String result = sendMail("Hello World!", recipients);
System.out.println(result);

This results in:

Email sent to: Email{email='[email protected]'}
Email sent to: Email{email='[email protected]'}

Unbounded Wildcards

Unbounded wildcards are wildcards without any form of binding. Simply put, they are wildcards that extend every single class starting from the base Object class.

Unbounded wildcards are used when the Object class is the one being accessed or manipulated or if the method it's being used on does not access or manipulate using a type parameter. Otherwise, using unbounded wildcards will compromise the type safety of the method.

To declare an unbounded wildcard, simply use the question mark operator encapsulated within angle brackets <?>.

For example, we can have a List of any element:

public void print(List<?> elements) {
    for(Object element : elements) {
        System.out.println(element);
    }
}

System.out.println() accepts any object, so we're good to go here. If the method were to copy an existing list into a new list, then upper-bounded wildcards are more favorable.

Difference Between Bounded Wildcards and Bounded Type Parameters?

You may have noticed the sections for bounded wildcards and bounded type parameters are separated but more or less have the same definition, and on the surface level look like they're interchangeable:

<E extends Number>
<? extends Number>

So, what's the difference between these two approaches? There are several differences, in fact:

  • Bounded type parameters accept multiple extends using the & keyword while bounded wildcards only accept one single type to extend.
  • Bounded type parameters are only limited to upper-bounds. This means that you cannot use the super keyword on bounded type parameters.
  • Bounded wildcards can only be used during instantiation. They can not be used for declaration (e.g. class declarations and constructor calls. A few examples of invalid use of wildcards are:
    • class Example<? extends Object> {...}
    • GenericObj<?> = new GenericObj<?>()
    • GenericObj<? extends Object> = new GenericObj<? extends Object>()
  • Bounded wildcards should not be used as return types. This will not trigger any errors or exceptions but it forces unnecessary handling and typecasting which is completely against the type safety that generics achieves.
  • The operator ? can not be used as an actual parameter and can only be used as a generic parameter. For example:
    • public <?> void printDisplay(? var) {} will fail during compilation, while
    • public <E> void printDisplay(E var) compiles and runs successfully.

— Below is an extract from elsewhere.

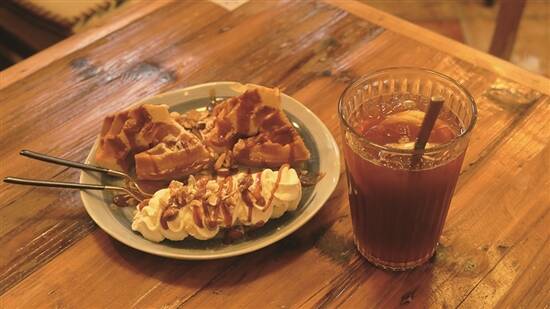 睇完靓衫,我哋去对面嘅“西关84”饮翻杯咖啡,西关独栋小洋楼古色古香,同古董裙就最衬啦。换上风情万种嘅复古礼裙,以透住暖光嘅西关大屋为背景,影一套温馨又惬意嘅民国小姐大片。传统中式横批窗,西关屏风门窗、屏风、枱面,仲有各种形状嘅彩色玻璃,同有残破感嘅红砖墙相互呼应,咖啡店从外到内都充满西关屋的韵味。而日常静谧嘅环境,简直就係“i人”乐园,揾一个角落坐低,点一份美味嘅下午茶,自成一个小空间。除咗香浓而不腻嘅咖啡,呢度仲係“华夫控”嘅天堂,软糯嘅华夫饼配上各种口味嘅淋酱、雪糕、果干后,美味再升呢,让整间老屋充满香甜风味。
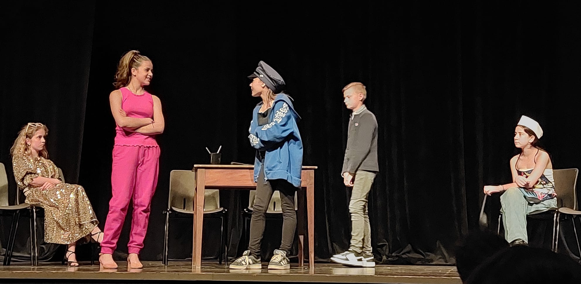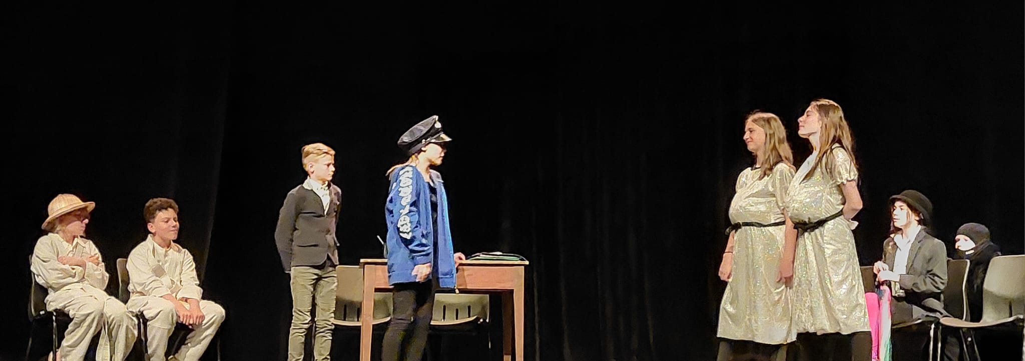 Lors de la première partie de la représentation, les élèves de sixième ont joué une pièce théâtrale humoristique intitulée « Qui a volé le sac de Madame Choumpette ? ». Ces apprentis comédiens montaient pour la première fois sur scène devant un public composé de parents et d’enseignants. Ils étaient enthousiastes malgré le trac ressenti. Lors de la deuxième partie de la représentation, les élèves de cinquième ont présenté le scénario d’une pièce de théâtre intitulée « le collier » qu’ils ont enrichi et personnalisé précédemment. Il s’agissait également d’une histoire de vol qui a été résolu par les protagonistes.

Benefits of Using Generics

Throughout the guide, we've covered the primary benefit of generics - to provide an additional layer of type safety for your program. Apart from that, generics offer many other benefits over code that doesn't use them.

  1. Runtime errors involving types and casting are caught during compile time. The reason why typecasting should be avoided is that the compiler does not recognize casting exceptions during compile time. When used correctly, generics completely avoids the use of typecasting and subsequently avoids all the runtime exceptions that it might trigger.
  2. Classes and methods are more reusable. With generics, classes and methods can be reused by different types without having to override methods or create a separate class.

Conclusion

Applying generics to your code will significantly improve code reusability, readability, and more importantly, type safety. In this guide, we've gone into what generics are, how you can apply them, the differences between approaches and when to choose which.